I did a little poking around on the Internet, and was a bit surprised after finding out who's dead and who's not.
Cher — The truth is that Cher has been dead since the early 1990s. In order to keep the sequin and feather industries in business, a rotation of female impersonators gussied up to resemble her has been touring since 1991.
Ozzy Osbourne — Heaven won't have him, Hell couldn't hold him, but somehow Sharon puts up with him.
Peter O'Toole — Ain't going out without an Oscar.
Lindsay Lohan — The lights are on but nobody's home.
Dan Rather — He's still alive, but his journalistic integrity died a couple of years ago.
Elvis — Still alive. He works for one of the radio stations in town.
Abe Vigoda — Still alive.
Uncle Elijah — He's 105.
Elizabeth Taylor — Still alive. Alcohol is a preservative, remember?
Betty White — Still kickin' and going to host "Saturday Night Live."
Saturday Night Live — Judging from last week's opening skit, dead yet again.
Magic Johnson — Still alive.
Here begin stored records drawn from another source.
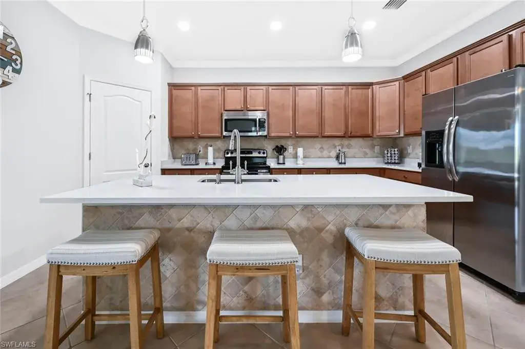 TURNKEY WITH BRAND NEW CARRIER AIR CONDITIONER WITH WARRANTY. ALL NEW FURNITURE 2023 INCLUDING SMALL APPLIANCES, DISHES, GLASSWARE, POTS AND PANS, TOWELS ETC..AT LEAST 35K IN EXTRAS. Indulge in tranquility at this tropical oasis, boasting breathtaking panoramic lake views from the lanai with NEW PICTURE WINDOW NO-SEE-UM SCREEN AND SPA for the ultimate relaxation. This 3-bedroom home featuring a den comes with modern upgrades in 2022, including a NEW ROOF, NEW POOL HEATER AND AN AQUA LINK SYSTEM FOR SMART CONTROL AND BRAND NEW A/C 2025. The open kitchen dazzles with STAINLESS STEEL APPLIANCES. NEW QUARTZ COUNTERTOPS IN 2022. Luxurious updates extend to the MASTER BATH WITH A NEW PORCELAIN TILE SHOWER, FAUCET, LIGHT FIXTURES, AND FAN. SECOND BATH COMPETELY REMODELED IN 2022 , NEW VANITY, SHOWER WITH PORCELAIN TILE, FAUCETS, LIGHT FIXTURE AND FAN.. LUXURY VINYL FLOORING IN TWO BEDROOMS, WHILE THE THIRD BEDROOM AND DEN HAVE BEAUTIFUL HARDWOOD FLOORS. BRAND NEW GARAGE DOOR OPENER THAT YOU CAN CONTROL FROM YOUR PHONE. HURRICANE SHUTTERS ensure a secure haven in your own piece of paradise. Copper Cove is just minutes to Marco Islands beautiful white sand beaches. Downtown Naples that offers so much from dinner, theater, great shopping, zoo & botanical gardens etc. is another option close by. Move in today and savor the serenity. Lower insurance premiums in 2025. CALL FOR DETAILS SO MUCH FOR THE MONEY!!!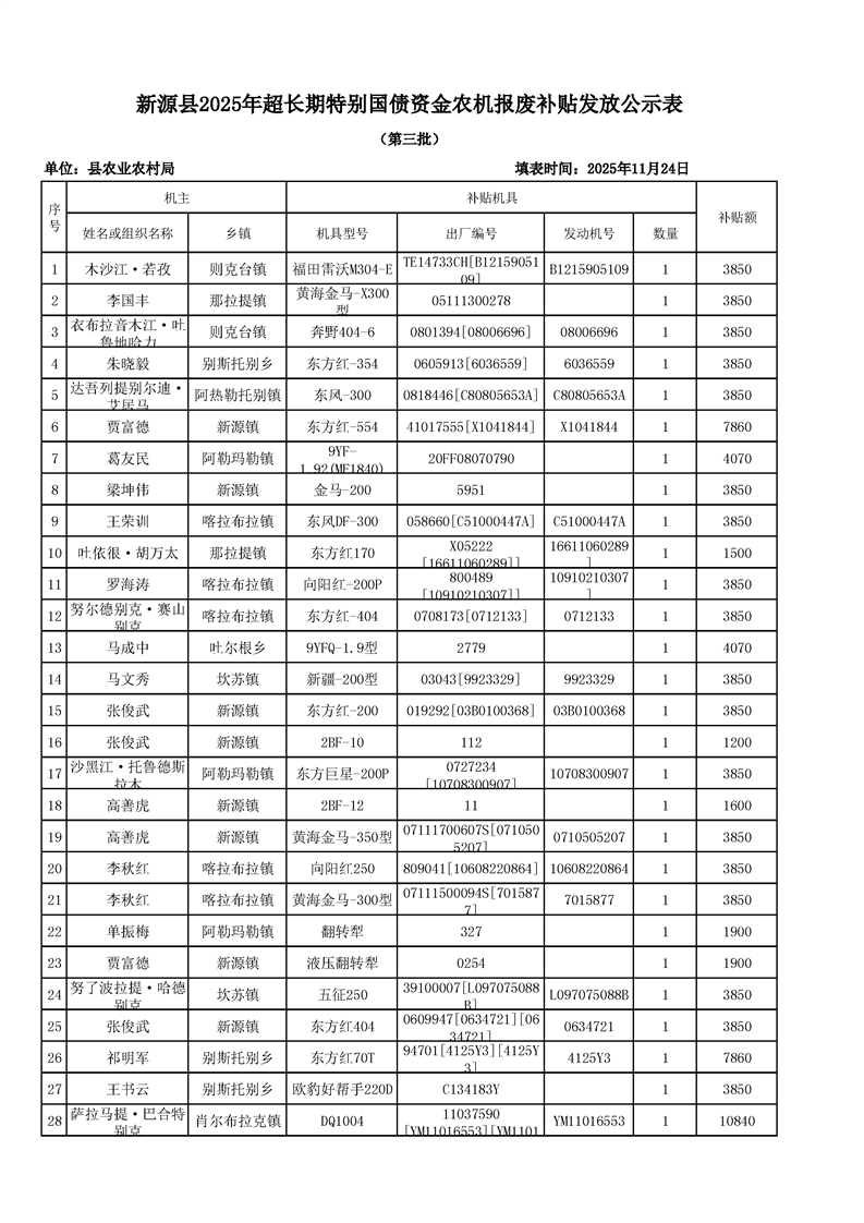 新源縣2025年超長期特別國債資金農機報廢補貼發放公示(第三批)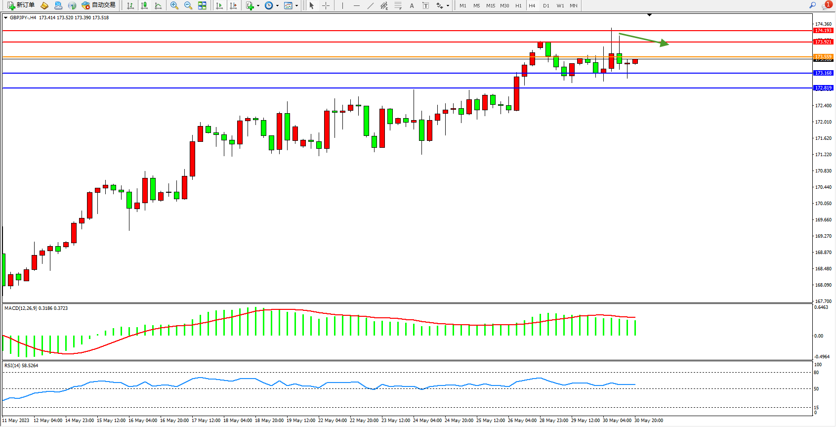 阻力位:173.921  174.193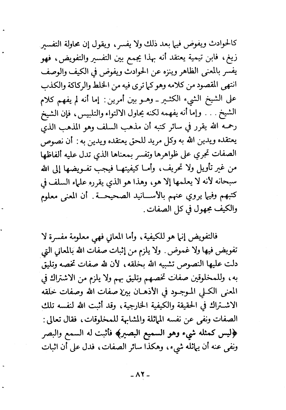 كالحوادث ويفوض فيما بعد ذلك ولا يفسر، ويقول إن محاولة التفسير زيغ، فابن تيمية يعتقد أنه بهذا يجمع بين التفسير والتفويض، فهو يفسر بالمعنى الظاهر وينزه عن الحوادث ويفوض في الكيف والوصف، انتهى المقصود من كلامه وهو كما ترى فيه من الخلط والركاكة والكذب على الشيخ الشيء الكثير –وهو بين أمرين: إما أنه لم يفهم كلام الشيخ ... وإما أنه يفهمه لكنه يحاول الالتواء والتلبيس، فإن الشيخ رحمه الله يقرر في سائر كتبه أن مذهب السلف وهو المذهب الذي يعتقده ويدين الله به، وكل مريد للحق يعتقده ويدين به: أن نصوص الصفات تجري على ظواهرها وتفسر بمعناها الذي تدل عليها ألفاظها من غير تأويل ولا تحريف، وأما كيفيتها فيجب تفويضها إلى الله سبحانه لأنه لا يعلمها إلا هو، وهذا هو الذي يقرره علماء السلف في كتبهم، وفيما يروي عنهم بالأسانيد الصحيحة، أن المعنى معلوم والكيف مجهول في كل الصفات.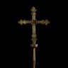 Croix de procession en laiton ciselé et gravé à décor du tétramorphe et de rinceaux feuillagés âme en bois H:71 x L:41 x P:3 cm. ( accidents et manques )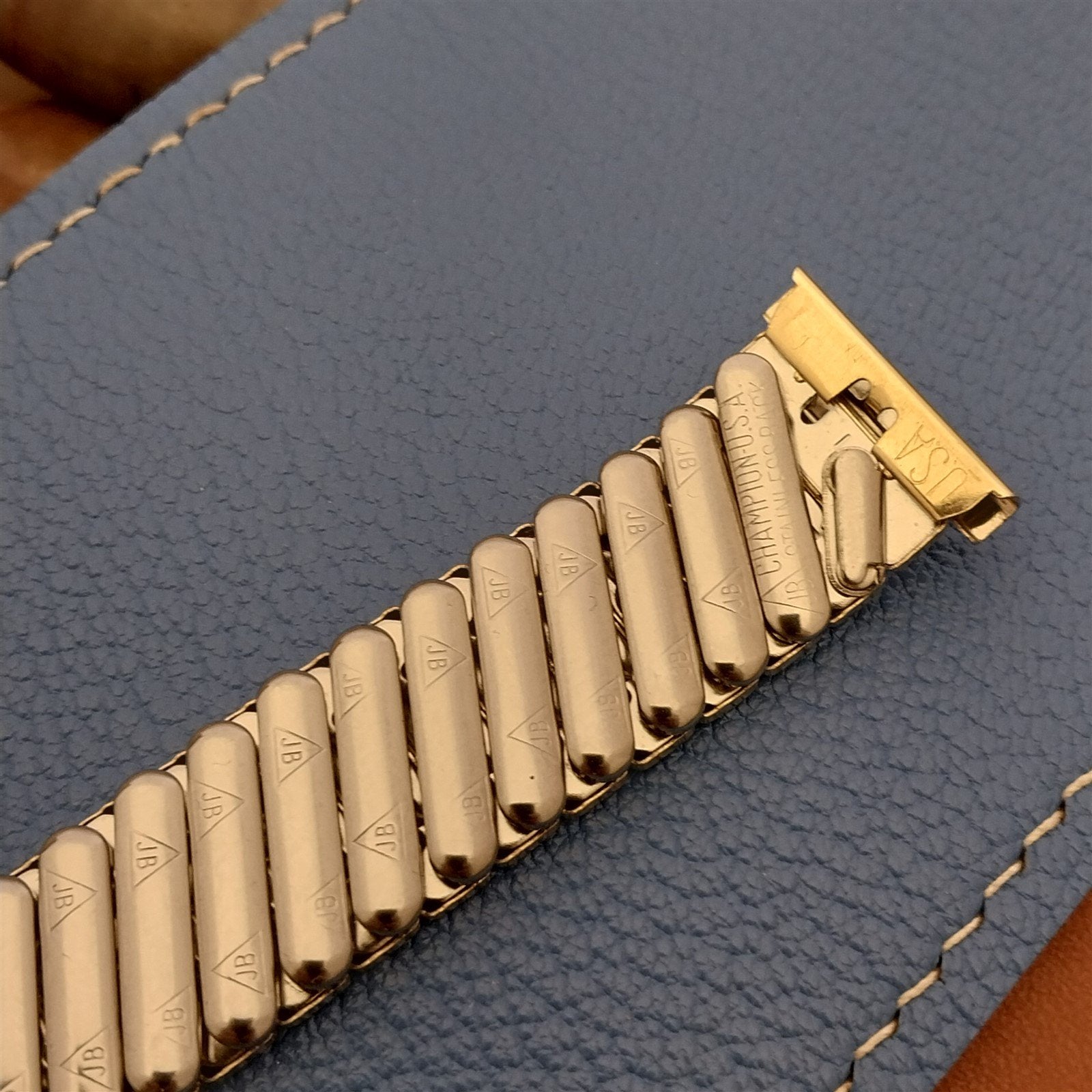 - NOS unused 1950s old-stock JB Champion Diamond Jim yellow gold-filled scissor-expansion watch bracelet.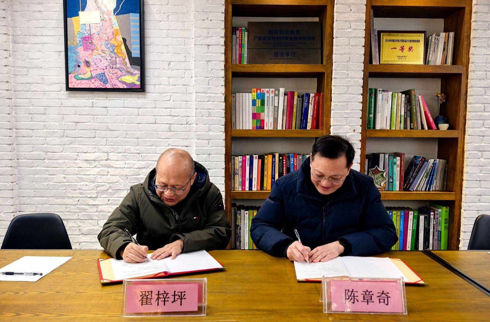 随后,陈章奇与翟梓坪代表校企双方正式签署《AIGC微短剧产学研基地合作协议》并合影留念。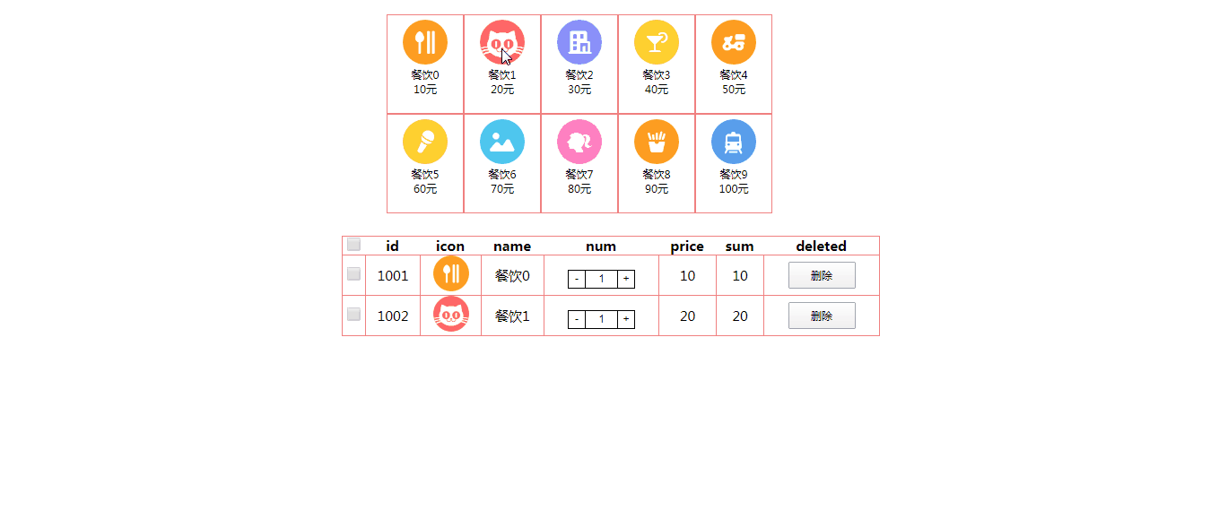 var obj = { //这里遵循对象顺序,先定义的属性排在前面,所以将选择框放在最前定义,总价和删除键放在最后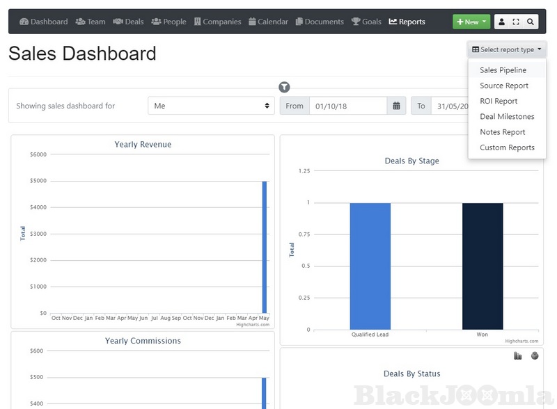 - JoomCRM has several common reports already added which can be run with a single click. Save your own custom reports for easy reuse.

I think his illness is of legal drinking age by now and has a job and kids of its own.
Chuck Norris — Died a couple of years ago, didn't seem to phase him much.
David Eddings — Died last year. Loved his books when I was a kid. Bleah.
Pat Robertson — Kept alive by voodoo and your pledges.
Mickey Rooney — Too short for Death to notice.
Meatloaf — Only paradise he's been to is the one by the dashboard lights.
Ernest Borgnine — Died a couple of years ago, but is such a nice guy no one had the heart to tell him.
Freddy Mercury — As long as there's at least one fat-bottomed girl riding a bicycle somewhere, Freddy will still be with us.
Amy Winehouse — Still alive, but going to be put down Thursday unless someone adopts her.